こんにちは、皆さん。

勝海舟の生涯から自分軸を持ち他人に影響されない生き方の大切さをお伝えする歴史大好き社労士の山路 貞善です。いつもお読みいただきありがとうございます。

 

2月に入りました。

前回の投稿から少し間隔が空いてしまいました。1月中頃に日本営業大学第3期が開校しその間、私も2回の講義(『ワーキング・ルール論』という講座を担当しています)があり、その準備も含め作業に専念していたためです。悪しからずご了承ください。

 

 

【 勝・西郷会談 その2 】

 

さて前回の続きです。

西郷は勝から、今の幕府には国の将来について深く考え、責任を持って対処しようとする人材がいないこと、もはや政治を担当するだけの能力を失ってしまっていることを聞かされました。

思いもかけない勝の言葉に西郷は、そこまで幕府の屋台骨は腐っているのかと落胆するしかありませんでした。

 

ふと西郷は大坂に出張してきている老中阿部正外のことを思い出し、

「勝先生、今在坂しておられる老中の阿部様とは、いかなる人物なのでしょうか」と阿部老中の人物について勝に尋ねました。

するとそれまで苦虫を嚙み潰したような顔をしていた勝の表情が一変しました。急に明るい顔になり、阿部老中のことを褒め始めました。

「阿部侯、そう阿部豊後守。西郷さん、あの人は人物ですよ。そうだあなた、あの人とぜひ会ってみるといい」

と勝は西郷に阿部正外に会うことを勧めました。

 

先ほどまで幕府はもうダメだと言い切った勝が、意外にも阿部老中のことだけはひどく褒めたのです。

勝は、翌日書いた越前藩主松平茂昭への返書の中で、阿部について「同人は其の覚悟も宜敷(よろしく)」と幕府内でも珍しく語り合うことができる人物だと書き送っています。そのため越前藩は後日、阿部正外と会談を持つことになります。

 

 

この日、西郷には勝にどうしても尋ねなければならないことがありました。勝に会いに来た最大の理由はそのことにありました。

それは外国艦隊が摂海(大阪湾)に進出してきたときの対策をどうするかという問題でした。前月、四国艦隊が下関で長州藩の砲台をわずか3日間で壊滅させたことは大きな衝撃となって伝わっていました。

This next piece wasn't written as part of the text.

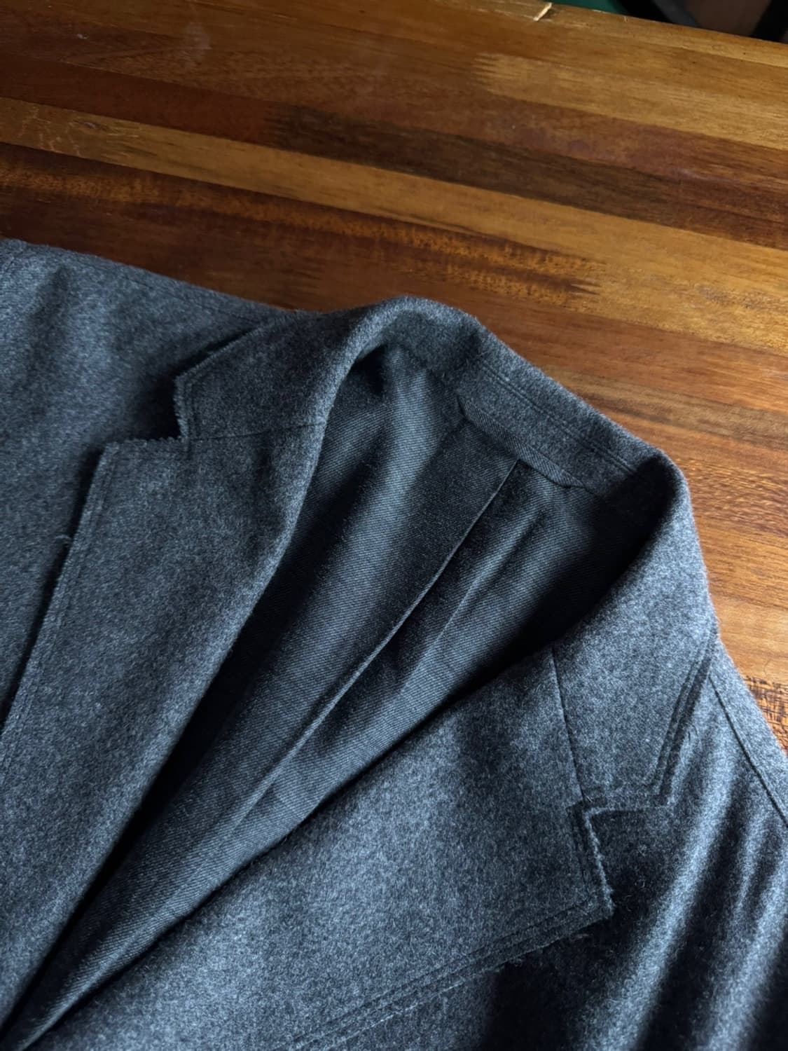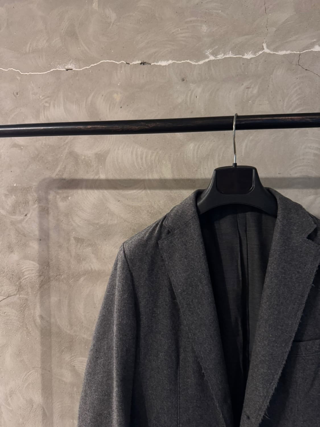 단순성으로 표현되는 기하학적 추상이나 기능미를 배제하며 기본적인 조형요소 사용하여 실루엣으로 명료하게 드러냈던 시절의 질샌더입니다. 그녀의 전성기 시절이였던 00년대 초반의 아카이브로 군더더기 없는 실루엣과 채도를 저 밑까지 내린 흐릿한 색감이 발군인 모델입니다. 장식미를 배제하며 실루엣의 끝선에 남긴 흔적을 자켓에 투영하기 위한 그녀의 고심을 살펴보세요. 사이즈 이탈리아 48 국내 100 권합니다. 감사합니다.
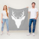 White Deer Head Silhouette On Gray Fleece Blanket

そのため次に外国艦隊がやって来るとすれば摂海に違いなく、防備対策を講じることは一刻を争う課題と考えられていたのです。

条約が締結されて以来、大坂・兵庫の開市開港問題は一向に進展しないまま時間が経過するだけであったため大きな問題となっていました。

 

幕府はこの問題に頭を痛めていました。大坂・兵庫を開市開港すれば近隣の京都への影響は必至です。外国人を忌み嫌う朝廷が激しく反発することは火を見るより明らかだからです。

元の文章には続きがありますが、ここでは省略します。